_What is required:_ Since the records include pictures, leave those out while you reproduce exactly and only the lines from the one containing "Lerros overhemd met" through the one containing "Welcome to Mondeo!", inclusive.

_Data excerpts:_

[Start of Attachment]

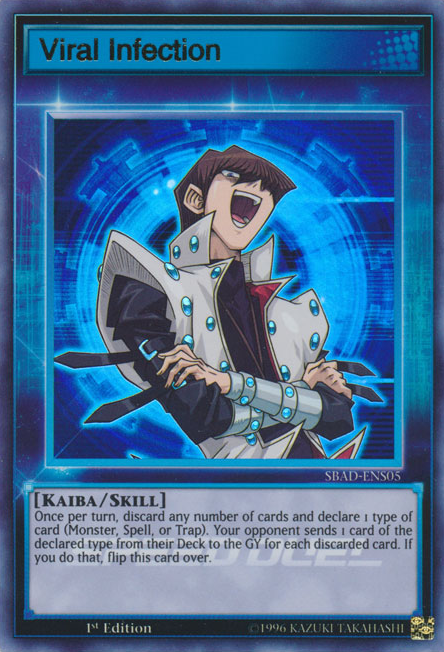 Once per turn, discard any number of cards and declare 1 type of card (Monster, Spell, or Trap). Your opponent sends 1 card of the declared type from their Deck to the GY for each discarded card. If you do that, flip this card over.
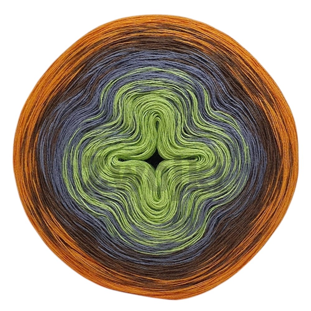 Piękny gradient kolorów nawijany jest ręcznie z 3 lub 4 nitek - zależnie od podjętego wyboru. Zwojki posiadają możliwość wybrania rodzaju nawinięcia (Less oraz standardowe przejścia kolorów) oraz wybrania koloru, który znajdzie się w środku motka.
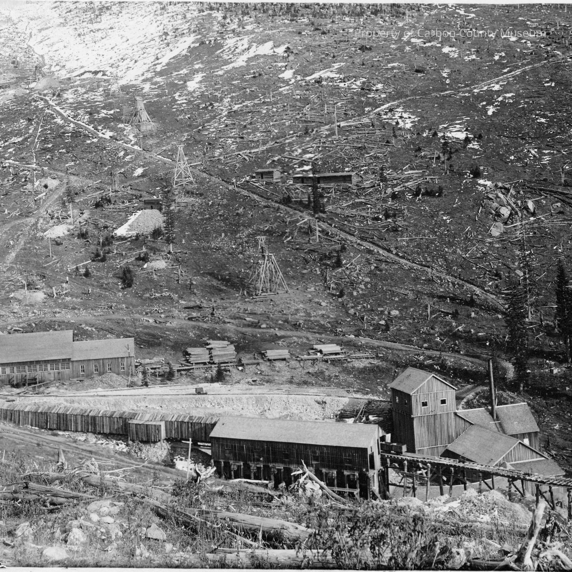 Update - 2009: Black & white print of a birds eye view of a deforested mountain area with timber strewn about on all ground areas. In the foreground are four large linear wooden buildings with high wooden trellis track structures entering building on side left of print foreground. A narrow wooden covered structure winds from this building to another building in distance at center side left. Other tracks emanate from this building & extend across side left to side right of image. Wooden tramway supports are seen extending down into the valley floor & beyond. Stacks of cut timbers are seen at image center area.
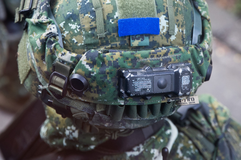演練官兵於頭盔後方裝設「單兵雷射偵測模組」,再配合實兵模擬接戰系統,得知官兵演練實況狀況。(圖/中央社)
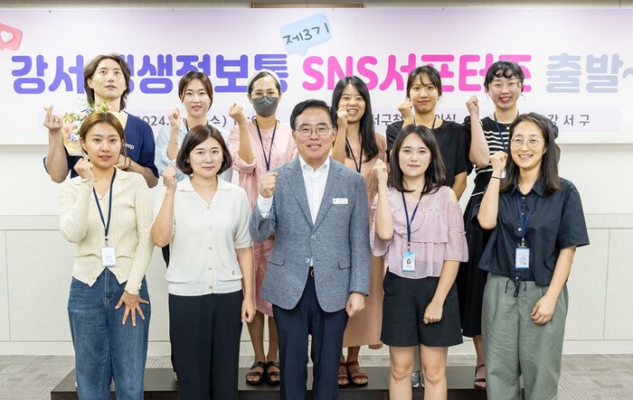 서울 강서구의 다양한 소식을 전할 ‘제3기 강서 SNS 서포터즈’가 출범했다. 선발된 인원은 총 15명으로, 개인 SNS 채널을 운영하며 활발히 활동 중인 주민들을 선발했다. 사진은 진교훈 구청장(앞줄 가운데)이 서포터즈들과 기념촬영을 하고 있는 모습.(사진=강서구청 제공)
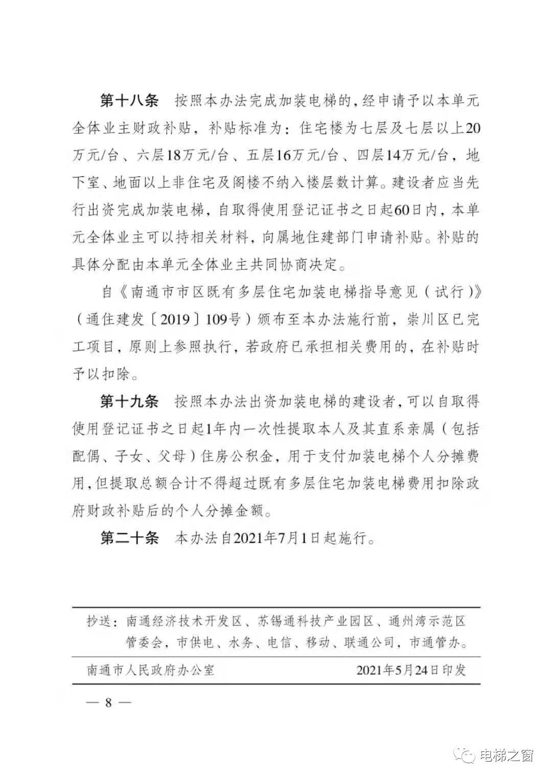 《南通市市区既有多层住宅加装电梯实施办法(试行)》将于7月1日正式实施了,财政补贴标准为:住宅楼为七层及七层以上20万元/台、六层18万元/台、五层16万元/台、四层14万元/台。
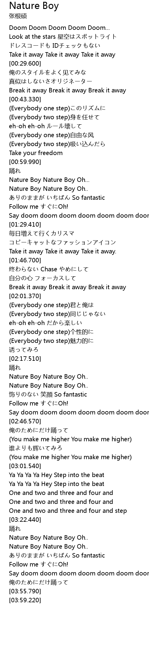 | [03:34.440] | Nature Boy Nature Boy Oh.. |
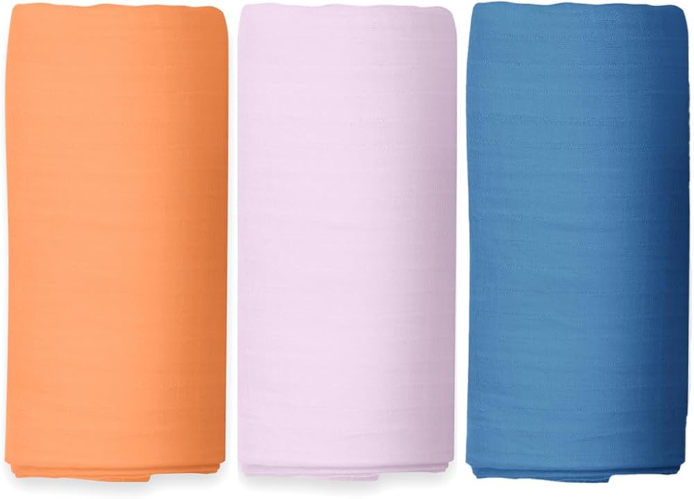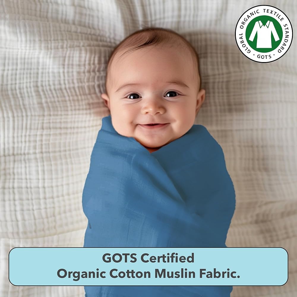 Wrap your Baby in this Super-soft Muslin Swaddler Wrap to keep your baby warm and secure,leading to a perfect nights sleep. Our organically grown cotton does not have any traces of harmful substance which can irritate the baby's sensitive skin.The 3 piece set containing 3 coordinated designs is a perfect purchase as you don't need any more.It also works as a wonderful gift to be given at Baby Showers Our Extra Large size of 44 x 44 inches makes this usable for a long long time from 0-18 months as a Swaddle, Towel, Sheet, Sun Cover, etc. You do not need to buy more.Beautiful Timeless baby prints make these swaddles look attractive for a long time. You're going to love them more and more with each wash, as they will get softer. Fast colors make this fabric machine washable in warm water and still retain is vibrant colors.We've colour coordinated these with The White Cradle Baby Crib sheets & Blankets. Buy them together to make the picture-perfect nursery.
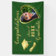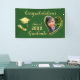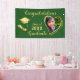 Create a unique green and gold graduation banner for the class of 2025 graduate with a heart-shaped photo, Congratulations saying, and grad's cap and diploma illustrations. Please personalise with the graduate's name and surname, upload a custom photo via template, and change a year before ordering. You can also change the background colour inside the design tool to match your school colours.
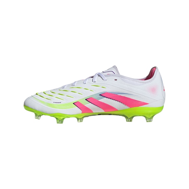 Go into every game knowing you'll score in the adidas Men's Predator Pro Firm Ground Soccer Cleats crafted for goals. Grippy rubber Strikeskin fins on the soft, flexible HybridTouch upper assist with every strike of the football. Underneath, a full-length Control plate outsole offers all the stability you need to set your sights on firm ground pitches.
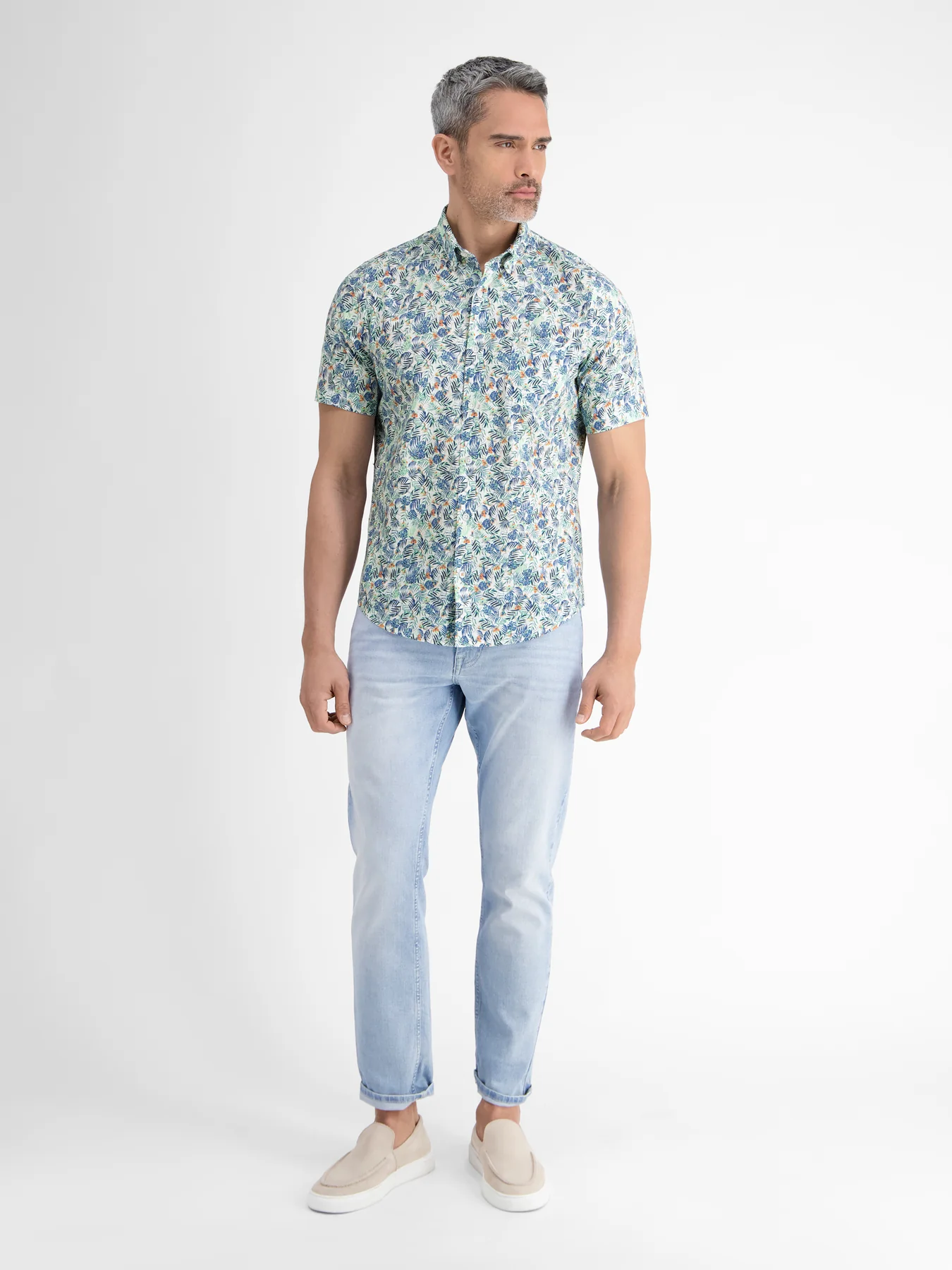 Lerros overhemd met korte mouwen, een button-down kraag en zomerse bloemenprint.
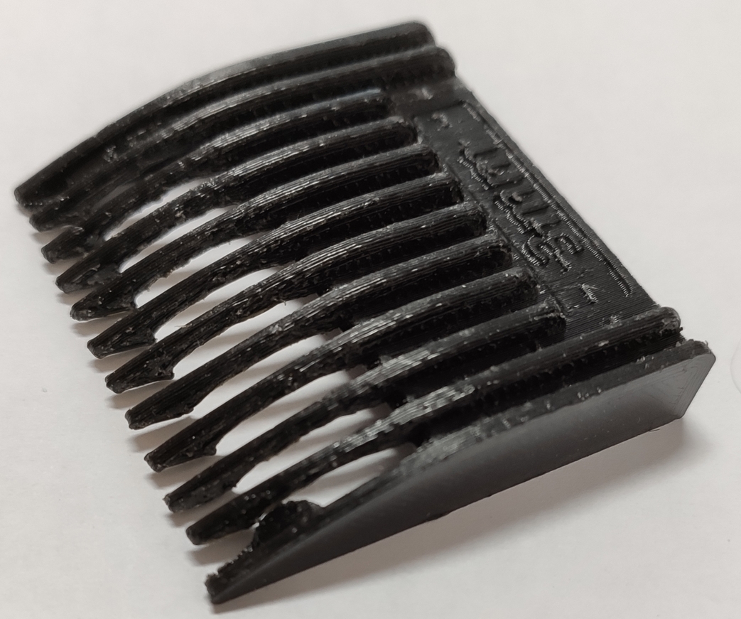 No po x-tom pokuse s roznymi nastaveniami a materialmi sa mi podarilo vytlacit nastavec na strihaci strojcek. Po hodine opatrneho odstranovania podpor je vysledok takyto
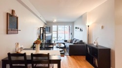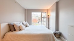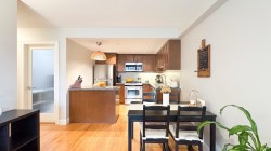 Welcome to Mondeo! Beautifully appointed 2 bed + den, 2 bath upper floor home in one of Burnaby's most desirable neighbourhoods. This bright and spacious 833 sq ft unit features an open-concept layout with hardwood floors, granite counters, stainless steel appliances, gas range, and large windows that fill the space with natural light. The private balcony offers peaceful city and mountain views - perfect for evening sunsets. Primary bedroom includes a full ensuite and generous closet space. Enjoy in-suite laundry, secure parking, and storage locker. Concrete low-rise built in 2007, pet and rental friendly. Steps to cafes, restaurants and shops along Hastings Street, with easy access to transit and downtown Vancouver. A perfect choice in Burnaby Heights!
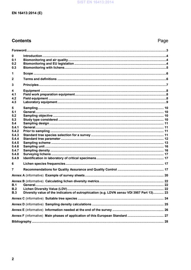 Page Foreword .3 0 Introduction .4 0.1 Biomonitoring and air quality .4 0.2 Biomonitoring and EU legislation .4 0.3 Biomonitoring with lichens .5 1 Scope .6 2 Terms and definitions .6 3 Principles .7 4 Equipment .8 4.1 Field work preparation equipment .8 4.2 Field equipment .8 4.3 Laboratory equipment .9 5 Sampling . 10 5.1 General . 10 5.2 Sampling objective . 10 5.3 Study type considered . 10 5.4 Sampling design . 11 5.4.1 General . 11 5.4.2 Prior to sampling . 11 5.4.3 Standard tree species selection for a survey . 11 5.4.4 Standard tree parameter . 12 5.4.5 Sampling scheme . 13 5.4.6 Sampling unit . 16 5.4.7 Sampling density . 16 5.4.8 Surveying lichens . 17 5.4.9 Identification in laboratory of critical specimens . 17 6 Lichen species frequencies . 17 7 Recommendations for Quality Assurance and Quality Control . 17 Annex A (informative)
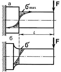 при резком изменении размеров поперечного сечения (рис. 3, б); прорези заменять полукруглыми выточками; увеличивать радиусы закруглений галтелей и выточек; круглые отверстия заменять эллиптическими, вытянутыми вдоль оси стержня; необходимые отверстия располагать в зоне пониженных напряжений и т.д.

[End of Attachment]

_Answer to this task:_
 Lerros overhemd met korte mouwen, een button-down kraag en zomerse bloemenprint.
 No po x-tom pokuse s roznymi nastaveniami a materialmi sa mi podarilo vytlacit nastavec na strihaci strojcek. Po hodine opatrneho odstranovania podpor je vysledok takyto
 Welcome to Mondeo! Beautifully appointed 2 bed + den, 2 bath upper floor home in one of Burnaby's most desirable neighbourhoods. This bright and spacious 833 sq ft unit features an open-concept layout with hardwood floors, granite counters, stainless steel appliances, gas range, and large windows that fill the space with natural light. The private balcony offers peaceful city and mountain views - perfect for evening sunsets. Primary bedroom includes a full ensuite and generous closet space. Enjoy in-suite laundry, secure parking, and storage locker. Concrete low-rise built in 2007, pet and rental friendly. Steps to cafes, restaurants and shops along Hastings Street, with easy access to transit and downtown Vancouver. A perfect choice in Burnaby Heights!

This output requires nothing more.